Entries supplied:
------

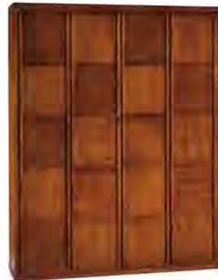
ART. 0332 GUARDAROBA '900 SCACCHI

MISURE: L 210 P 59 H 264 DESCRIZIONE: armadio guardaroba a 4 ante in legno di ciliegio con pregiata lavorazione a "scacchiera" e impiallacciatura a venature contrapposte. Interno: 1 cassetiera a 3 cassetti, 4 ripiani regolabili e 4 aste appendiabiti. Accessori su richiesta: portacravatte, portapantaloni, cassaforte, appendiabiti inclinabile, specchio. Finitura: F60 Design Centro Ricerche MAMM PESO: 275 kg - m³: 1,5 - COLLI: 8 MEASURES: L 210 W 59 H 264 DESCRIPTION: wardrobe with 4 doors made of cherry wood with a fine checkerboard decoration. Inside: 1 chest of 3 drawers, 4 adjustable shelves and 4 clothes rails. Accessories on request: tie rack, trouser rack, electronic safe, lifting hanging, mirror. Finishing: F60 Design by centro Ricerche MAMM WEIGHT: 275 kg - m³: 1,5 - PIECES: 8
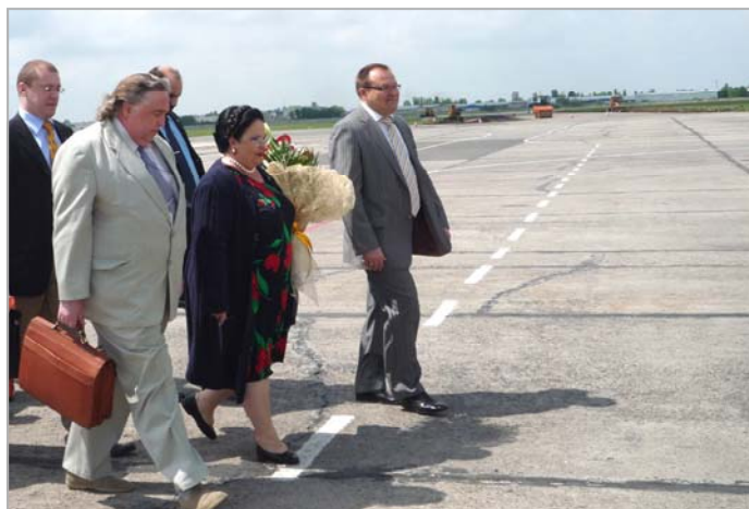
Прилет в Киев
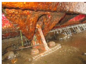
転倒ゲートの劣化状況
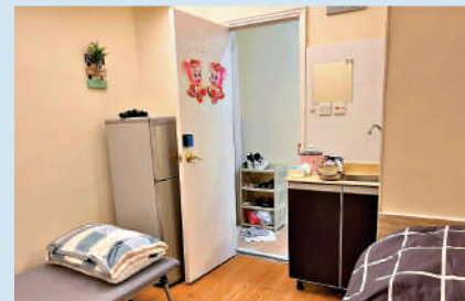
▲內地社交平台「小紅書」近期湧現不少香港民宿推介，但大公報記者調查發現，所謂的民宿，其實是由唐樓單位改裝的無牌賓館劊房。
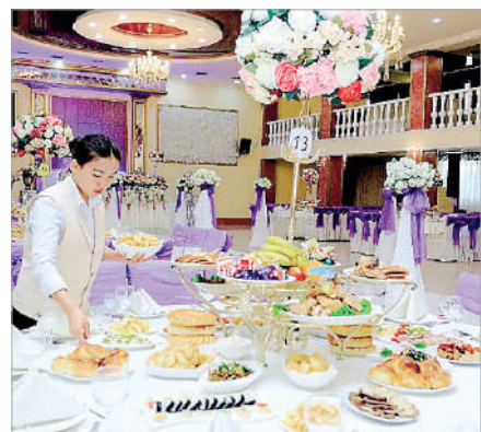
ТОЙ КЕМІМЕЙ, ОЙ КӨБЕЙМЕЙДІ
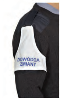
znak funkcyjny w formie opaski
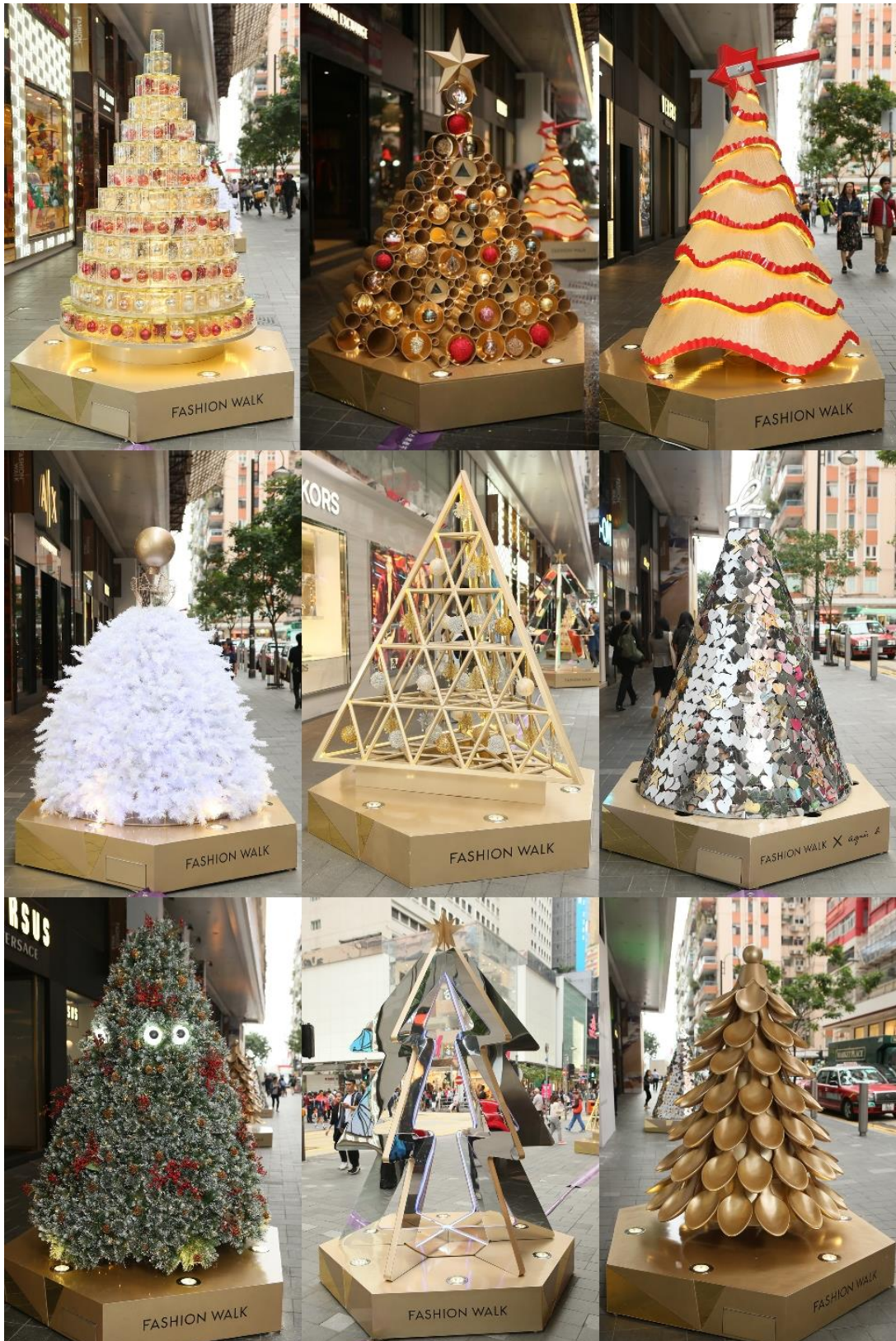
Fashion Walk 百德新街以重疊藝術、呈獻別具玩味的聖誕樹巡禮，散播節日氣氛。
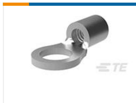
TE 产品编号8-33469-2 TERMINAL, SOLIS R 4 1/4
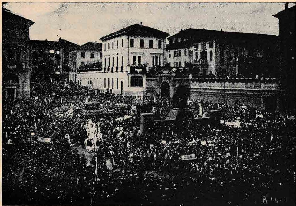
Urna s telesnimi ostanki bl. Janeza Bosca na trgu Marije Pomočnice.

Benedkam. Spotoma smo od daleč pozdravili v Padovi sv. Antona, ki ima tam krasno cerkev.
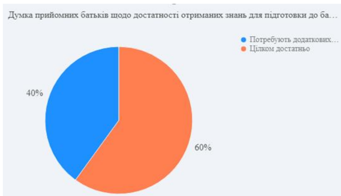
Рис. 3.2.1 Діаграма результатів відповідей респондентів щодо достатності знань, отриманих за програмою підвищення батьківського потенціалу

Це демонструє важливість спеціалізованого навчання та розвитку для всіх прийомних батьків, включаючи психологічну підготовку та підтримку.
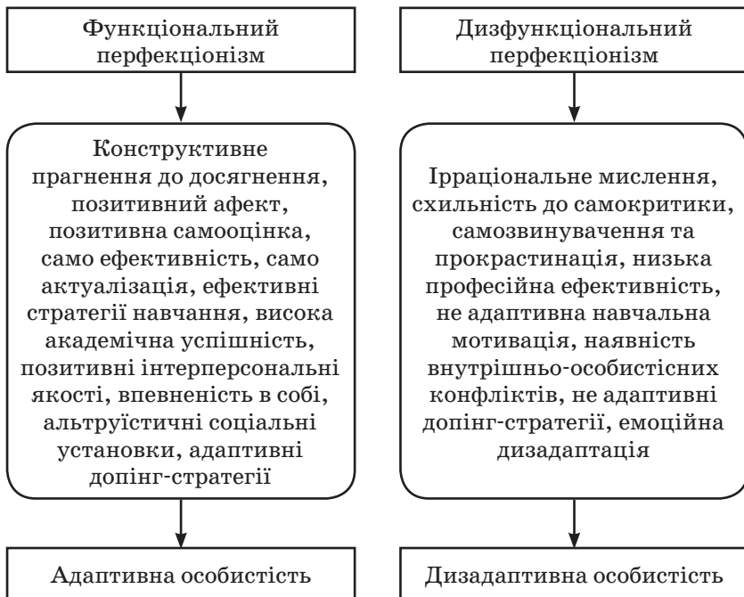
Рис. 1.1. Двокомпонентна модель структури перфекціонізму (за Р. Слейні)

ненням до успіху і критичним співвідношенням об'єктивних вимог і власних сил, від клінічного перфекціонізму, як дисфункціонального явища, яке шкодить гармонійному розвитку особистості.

------

Aim of the exercise: Which of the lines above mention the word "перфекціонізму"? Pull those lines out.

Exercise solution:
Рис. 1.1. Двокомпонентна модель структури перфекціонізму (за Р. Слейні)
ненням до успіху і критичним співвідношенням об'єктивних вимог і власних сил, від клінічного перфекціонізму, як дисфункціонального явища, яке шкодить гармонійному розвитку особистості.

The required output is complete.